For antiquers and day-trippers looking for a one-of-a-kind shopping experience, Lexington has dozens of antique dealers and specialty shops.

“The combination of what we have is what no one else has,” said Anne Crume, executive director of the Lexington Area Chamber of Commerce.

Upcoming events include “What A Girl Wants” Spring Ladies Night Out sponsored by Downtown Merchants on April 20, 3-9 pm, and Heritage Days Festival, June 7-9.

Runner-up: Weston, MO


HISTORIC SITE
Swan River Museum
12 E. Peoria
Paola, KS
913-294-4940
www.miamicountykansashistory.org

The Swan River Museum is the official source of Miami County, KS historical information. The Hunt-Russell Research Library, which is part of the museum, receives official records for the county.

The museum displays historical artifacts, some relating to the tragic “Trail of Death” forced march of Potawatomie Indians, plus vintage clothing, quilts, early tools, toys, furniture, books and magazines. Through April 29, the Swan River Museum is host to the Smithsonian Traveling Exhibit Between Fences.

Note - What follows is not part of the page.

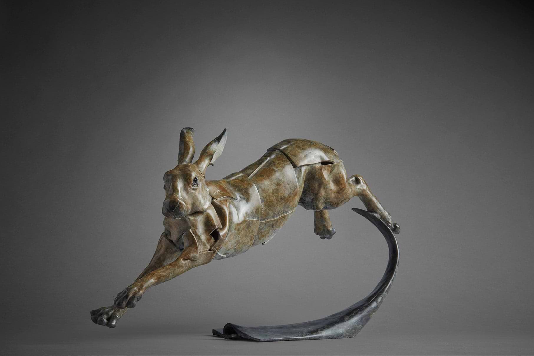 Since winning the Diana Brooks Prize with Art for Youth in 2017, Gordon has been making his mark as a rising star in wildlife sculpture. Based in North London, he has travelled extensively to observe the behaviour of his subjects in their natural environment, whether that may be the British countryside, or further afield in Sri Lanka or South Africa where he enjoyed a three month artist residency in Limpopo. Out on location he studies anatomy at first hand, sketching, photographing and, where possible, creating small maquette studies. He takes this source material back to his studio to work up the pose and form in the final pieces.

“It appealed to us,” said Pat Fox, a township director and exhibit chairperson, “because we’re small town America and it’s about fences and what creates them — geography, race, religion, ethnic, borders — and being a cultural exhibit, it is designed to get people to know the past and what fences tell us now. It should draw communities together.”

Admission to the museum is free.

Runner-up: Hermann, MO


NATIVE AMERICAN &
WESTERN ANTIQUITIES

Peak’s Place
118 S. Main
Muskogee, OK
918-681-4244
www.peaksplace.com

Step into Peak’s Place and it’s the smell…the leather smell. It’s almost hypnotic; seeing what’s there becomes mandatory.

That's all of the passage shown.